Representatives from Interior Health and the First Nations Health Authority appeared as a delegation at the Williams Lake City Council Tuesday evening, Dec. 6 in hopes of getting approval to open a mobile overdose prevention site in the city.
Medical health officer Dr. Carol Fenton from Interior Health Authority and other representatives with First Nations Health Authority appeared virtually, while there was also a delegation of local representatives including Charlene Belleau and Joyce Cooper.
Following a presentation on the number of deaths, history of the public health emergency and those most affected by the toxic drug poisoning crisis, Belleau spoke to council.
“I would just like to be able to add behind those numbers are human beings, and for a lot of those numbers, those are our people,” said Belleau, former chief of the Esk’etemc First Nation and former chair of the FNHC.
“We are here today because when we have a funeral home that can’t keep up with burying our people from overdoses we’ve got a problem, we’ve got a problem together.”
Belleau told council they have the support of more than a dozen chiefs in the region who will stand with them if needed, and she apologized to the families of those who recently lost loved ones to the crisis, that there was nothing in place to help them.
In the last few weekends volunteers have set up harm reduction sites in Williams Lake with success.

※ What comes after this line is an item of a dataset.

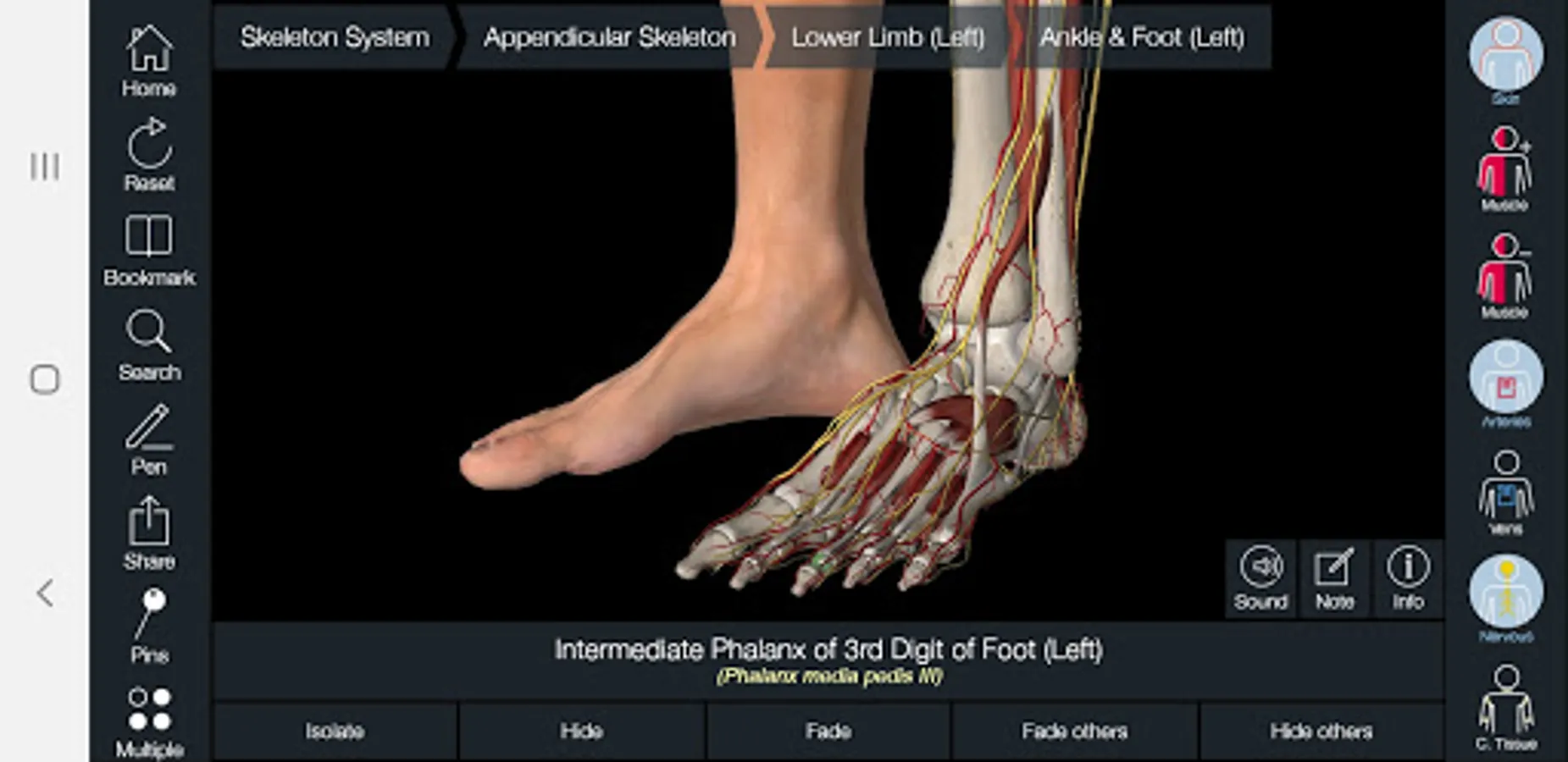 Essential Anatomy 5 is a full-featured anatomical reference app that includes MALE and FEMALE models, with 11 SYSTEMS and a total of 8,200 ANATOMICAL STRUCTURES. The app is fully 3D, meaning that you can view any structure in isolation, as well as from any angle and represents the latest in groundbreaking 3D technology and innovative design. A cutting-edge custom built 3D graphics engine, delivers outstanding quality graphics that no other competitor can achieve.

“We had six people the first night, that’s six people that maybe don’t have to die.”
A public health emergency was first declared in 2016. The province did see a reduction of death rates in the crisis by 2019, however, those gains were lost with the arrival of the pandemic in 2020.
In the Thompson Cariboo region, there have been well over 100 deaths every year for the last three years.

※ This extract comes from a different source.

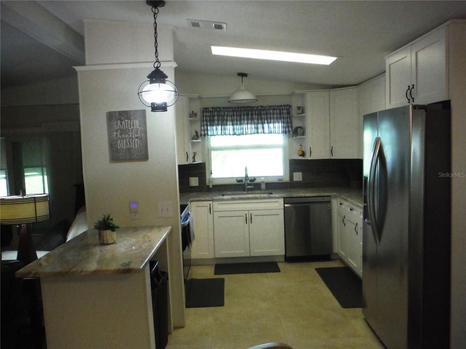 Priced to sell!!! This property is phenomenal! Seller purchased this property in May 2020 and has done tons of renovations. Modernized the kitchen with granite countertops, cabinets, stainless steel appliances, porcelain floor, etc. If you are standing at the sink, you will see that there is a window over the sink with a gorgeous view of Dove Lake. There is also a view of the lake from the lanai off the living room and the patio outside. Both baths have been modernized, and the 2 bedrooms have as well. The bedrooms have very attractive wainscotting and laminate floors. All the rooms were painted. Vinyl windows were put into the side lanai to the tune of $4500. This home is being sold fully furnished including the golf cart. What a deal! You can't beat this. You are allowed to have a cat in this property, but it is not in the dog area. The deeded lot 50X90 is included in the price. The monthly maintenance fee is $241. It includes water, sewer, trash, clubhouse, heated pool & spa, private roads, gym, shuffleboard, and a lot where you can park your RV or boat. Room measurements approximate.
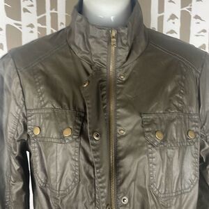 Fit: Inverted pleats on shoulder for a slight puff sleeve, hidden zip with snap close panel, fully functional double snap close chest/front hip pockets, snap close cuffs, fully lined

According to the statistics, the number of deaths relative to the population size is very high in the Cariboo Chilcotin – higher than Kamloops or Vancouver. About 70 per cent of those who die from toxic drug poisoning are between the ages of 30-59, and 82 per cent are male. About 14 per cent of overdose victims are First Nations.
The statistics further note that only 12 per cent are homeless, while 85 per cent of all overdose deaths are inside.
Working-aged males working in trades, transport and equipment operators are among the statistics.
The group is seeking approval from council for a mobile overdose prevention site, which they say offers a safe space with support for those who use drugs, either by injection or inhalation.
The delegation noted these sites are often the first place where users may find hope and seek out treatment.
“We need to quit talking and need to take action,” said Belleau.
Joyce Cooper also spoke of the heartache, and mounting losses associated with the overdose crisis. She said staff are dedicated and not afraid of the hard work ahead that’s needed to find solutions.
Council had a number of questions for the delegation before unanimously voting to receive the request to approve a proposal for a mobile overdose prevention site in Williams Lake and refer the matter back to staff for a report to council.